Detection of Virulence Genes

In this work, 19 virulence genes were analyzed by PCR to investigate the adhesion, protection, toxin, and iron uptake-related capabilities of UPEC. The virulence gene count was calculated by summing the number of virulence genes found in each isolate. The primers of detecting virulence genes were listed in Table S2.

Statistical Analysis

The data were analyzed by using the one-way ANOVA test and the non-parametric Mann Whitney test with SPSS for Windows version 21.0 (SPSS Inc., Chicago, IL, USA). P values <0.05 were considered statistically significant.

Results

Detection of Phylogenetic Groups

The main phylogenetic group of the two groups was B2 (52%-non-ESBL-EC vs 56%-ESBL-EC) came after other three groups: B1 (12% vs 14%), D (14% vs 28%), and A (22% vs 2%). Besides, group D was found to be more prevalent in the non-ESBL-EC group, and group A in the ESBL-EC was more common. The differences were statistically significant (Figure 1).
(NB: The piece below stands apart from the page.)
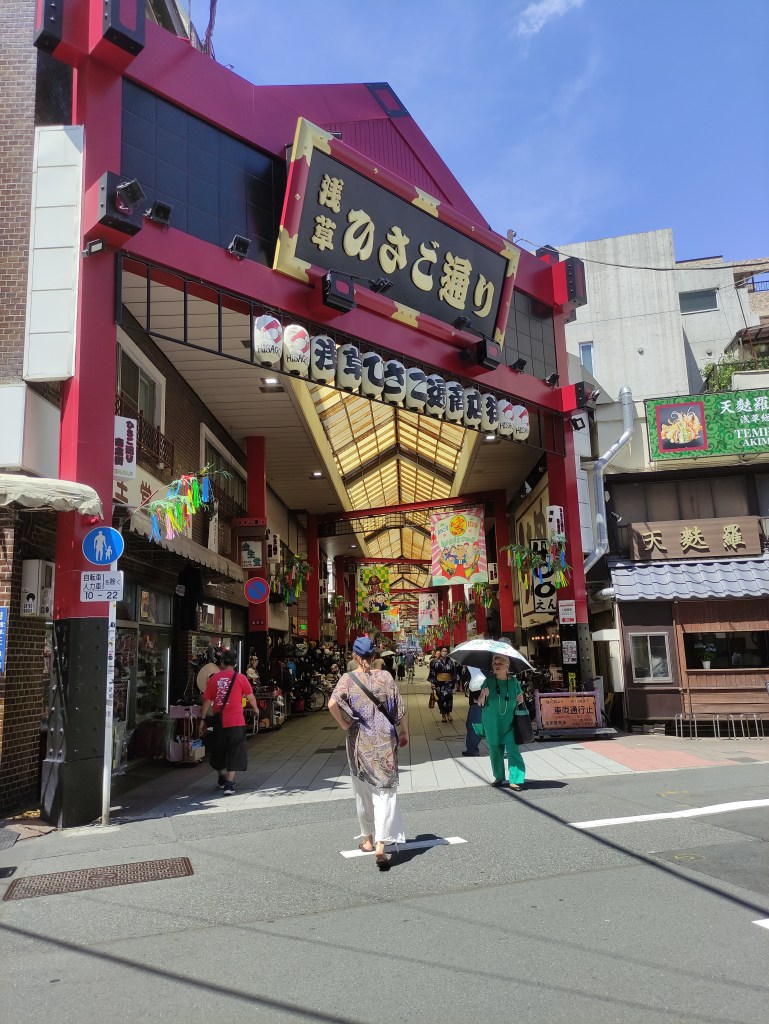 In the morning we went to Asakusa, the โold Tokyoโ in the district, under a scorching sun. We visited the Senso-ji Buddhist temple, passing through Kaminarimon and then along Nakamise-dลri, the shopping street. Personally, I found it very charming to see that many Japanese people value their culture. They do this not only by visiting places of worship, but also by proudly wearing their kimonos or yukatas.

Figure 1 Comparison of the distribution of phylogenetic groups between non-ESBL-EC and ESBL-EC.

Abbreviations: ESBL, extended-spectrum beta-lactamase; ESBL-EC, ESBL-producingE. coli; non-ESBL-EC, non-ESBL-producingE. coli; phylogroup, phylogenetic group.

Sequence Types

Forty-nine STs were identified among the 100 studied isolates, 68% of the ESBL-EC group isolates corresponded to the following STs: ST1193 (24%), ST131 (14%), ST648 (8%), ST38 (8%), ST69 (6%), ST75 (4%) and ST1011 (4%). And 48% of the non ESBL-EC group isolates were ST73 (20%), ST95 (14%), ST216 (6%), ST409 (4%) and ST58 (4%). The main sequence types of the two groups were totally different (Figure 2).

Figure 2 Comparison of the distribution of sequence types between non-ESBL-EC and ESBL-EC. Others, STs that occurred <5% with non-ESBL-EC or ESBL-EC were categorized as “others”.

Abbreviations: ESBL, extended-spectrum beta-lactamase; ESBL-EC, ESBL-producingE. coli; non-ESBL-EC, non-ESBL-producingE. coli; ST, sequence type.

Virulence Genes

Of the 19 virulence genes were detected, the virulence genes (VG) count ranged from 2 to 16. The median of VG among non-ESBL-EC (11, IQR 6–15) were higher compared to ESBL-EC (10, IQR 8–12) (Figure 3). From the graph (Figure 4), VG count varied between different phylogenetic groups for that the highest in group B2 and the lowest in group A. Specifically, the average of VG belonging to group B2, B1, A and D were 12.35, 7.31, 6.58 and 8.57, respectively. The distribution of virulence genes in group B2 differed significantly from that in groups B1, A, and D, respectively (p< 0.001). What ‘s more, ESBL-negative ST73 (median 15, IQR 14–15) and ST95 (median 13, IQR 10–16) isolates had higher average VG count and ESBL-positive ST 38 isolates had the lowest count (median 8, IQR 7.5–8) (Figure 5). Additionally, in group B2 which most strains belonged to, average VG count of non-ESBL-EC was higher than ESBL-EC and the difference between the B2 group made a great sense (Figure 6).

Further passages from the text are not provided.